From a high-level overview the setup looks like
Going into the details for each of those steps would make this blog post overly long - you can see the detailed steps and commands in https://github.com/johanneswuerbach/virtual-kubelet/blob/aws/providers/aws/README.md, while we are trying to merge our changes upstream (https://github.com/virtual-kubelet/virtual-kubelet/pull/127)
While the virtual-kubelet for AWS Fargate doesn’t support all Pod features yet (e.g. volumes, metrics), we considered this experiment a success and integrated this concept of serverless containers into our toolbox of architecture patterns.
Looking at the price for fargate containers you roughly see the same $/hour if you are able to run at full utilization:
When you factor in the overhead of managing the nodes themselves - OS and application patching, dealing with node failures and so on - Fargate comes out on top.
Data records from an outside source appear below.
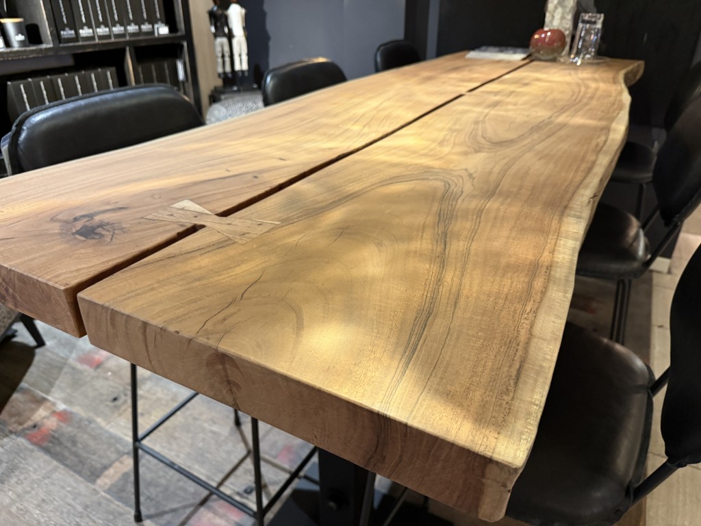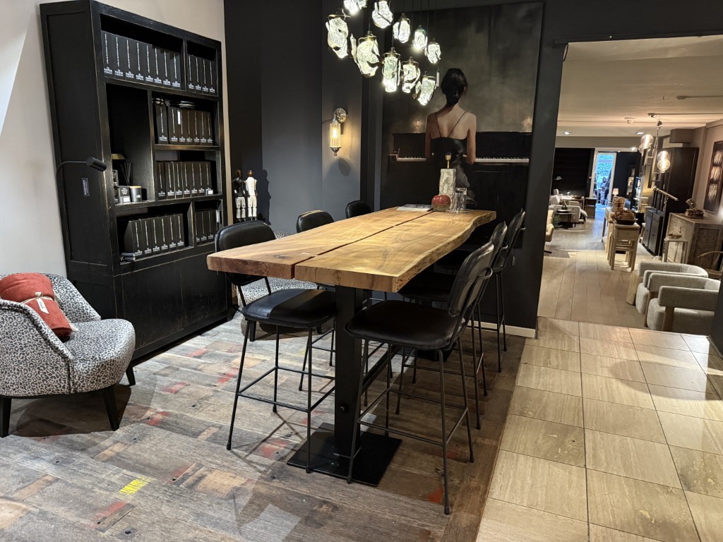 Table de bar, en plan en bois dur et en cadre métallique noir peint en poudre. Disponible aussi avec d’autres bases.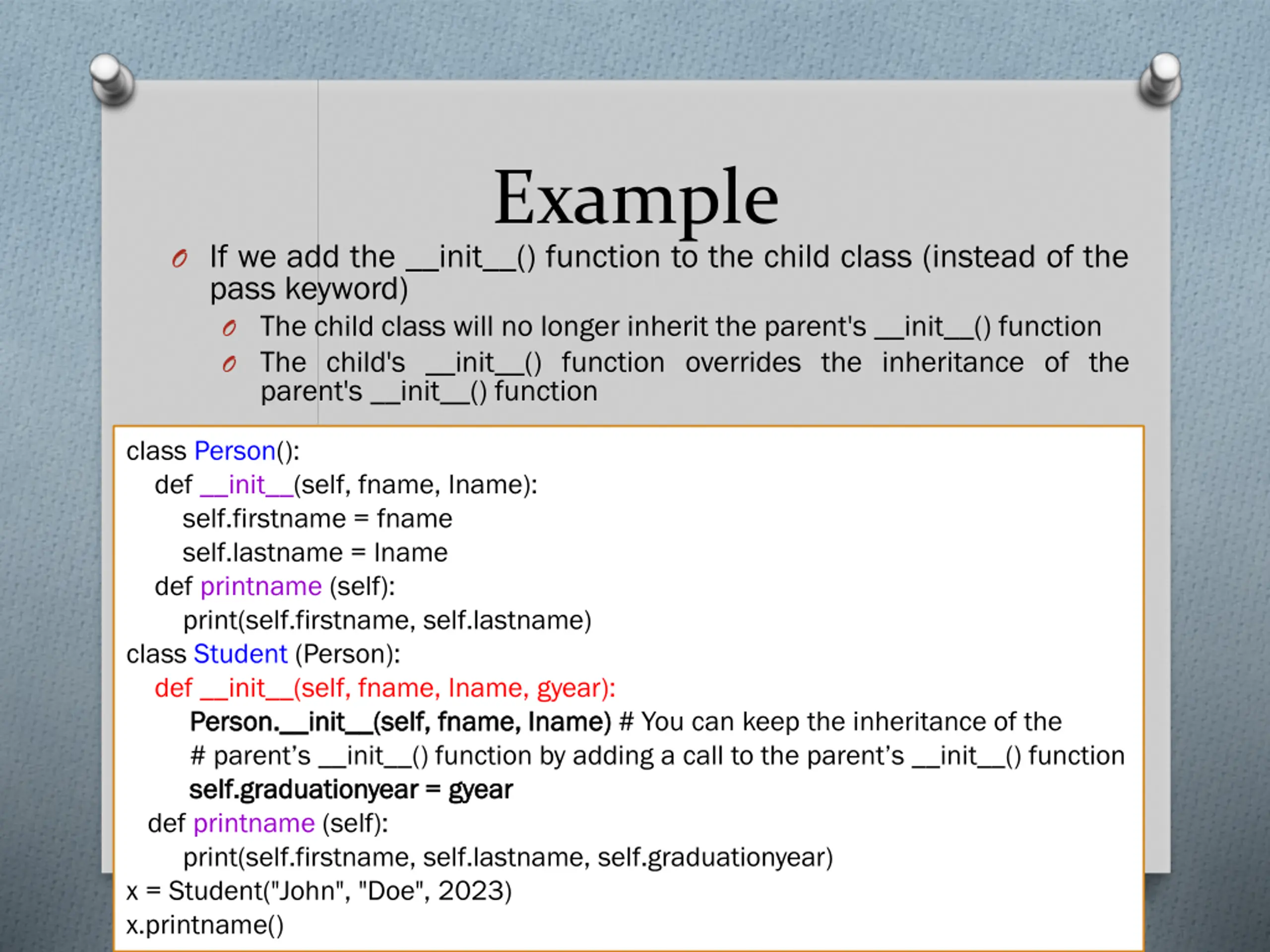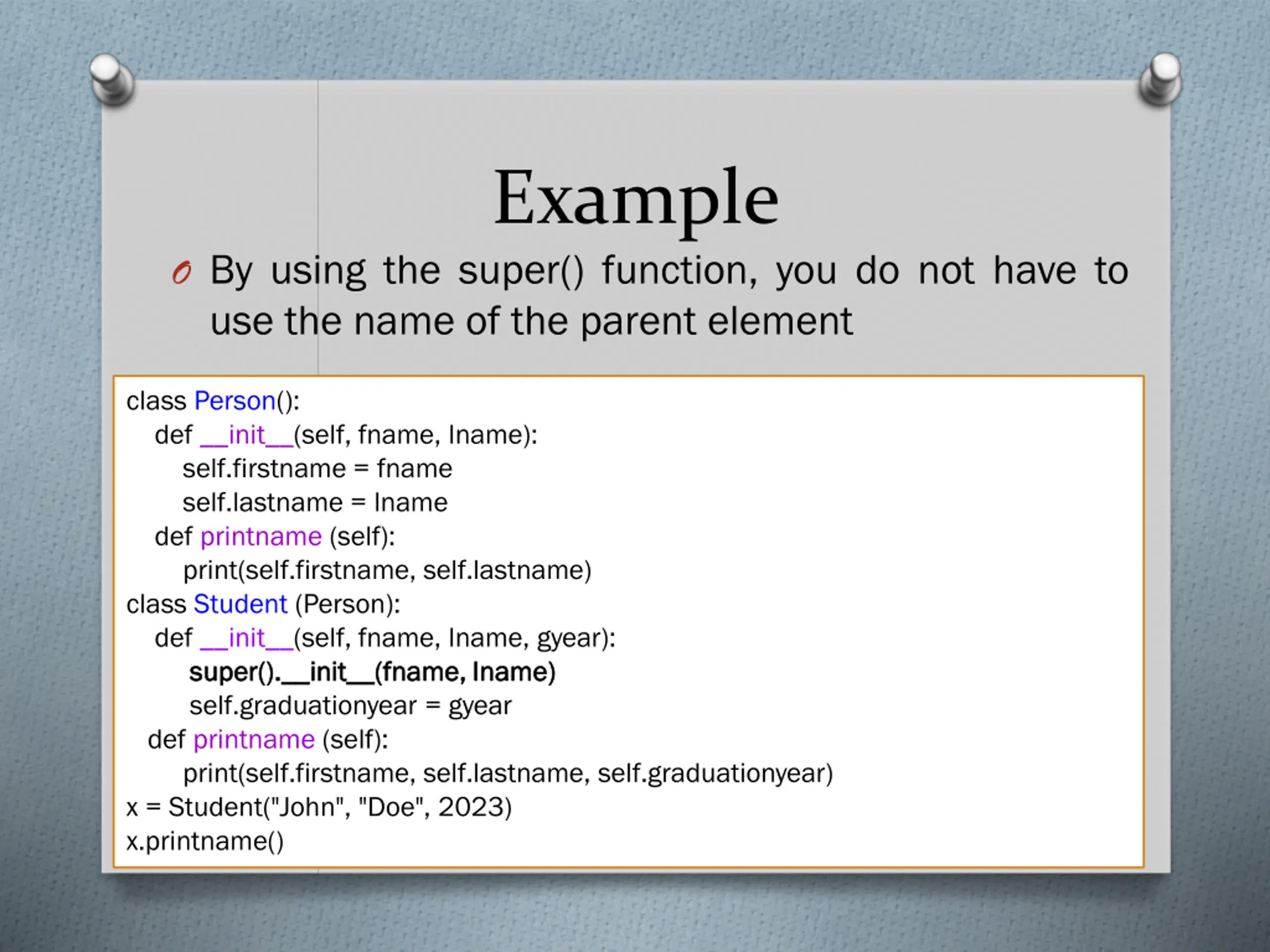 Example O By using the super() function, you do not have to use the name of the parent element class Person(): def __init__(self, fname, lname): self.firstname = fname self.lastname = lname def printname (self): print(self.firstname, self.lastname) class Student (Person): def __init__(self, fname, lname, gyear): super().__ super().__init init__( __(fname self.graduationyear = gyear def printname (self): print(self.firstname, self.lastname, self.graduationyear) x = Student("John", "Doe", 2023) x.printname() fname, , lname lname) ) 14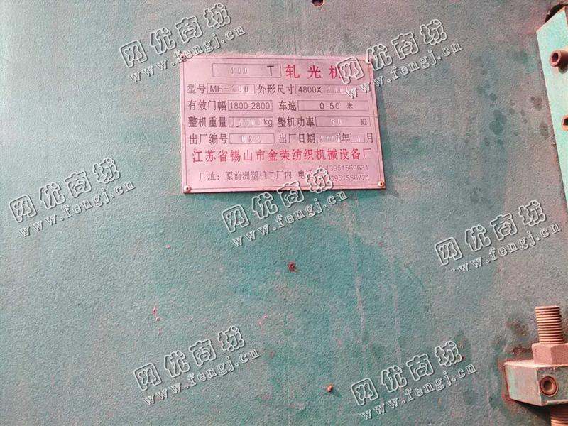 出售一台二手100T的轧光机,型号是MH-200,外形 尺寸为4800*2800mm,有效门幅为1800-2800。江苏省锡山市金荣纺织机械设备厂生产,2007年6月制造,有意者请联系

Serverless ftw!
Looking at our current stack we consider moving our Jenkins Kubernetes Agents into Fargate as they those are generally high utilized during their lifespan and benefit from the fast start times.
In the more midterm we could also imagine using Fargate as kind of an overflow buffer which allows to bring in capacity quickly during a request peak and then either scale-down load decreases or replace the buffer with cheaper nodes if it sustains.
We would be interested to know your thoughts if you try this out, or if you have other insights or use cases for the approach described above.
For us, this proof-of-concept hack showed a lot of potential for providing faster and easier scaling while allowing us to keep our established workflows on top of one of the leading application deployment frameworks in the world today.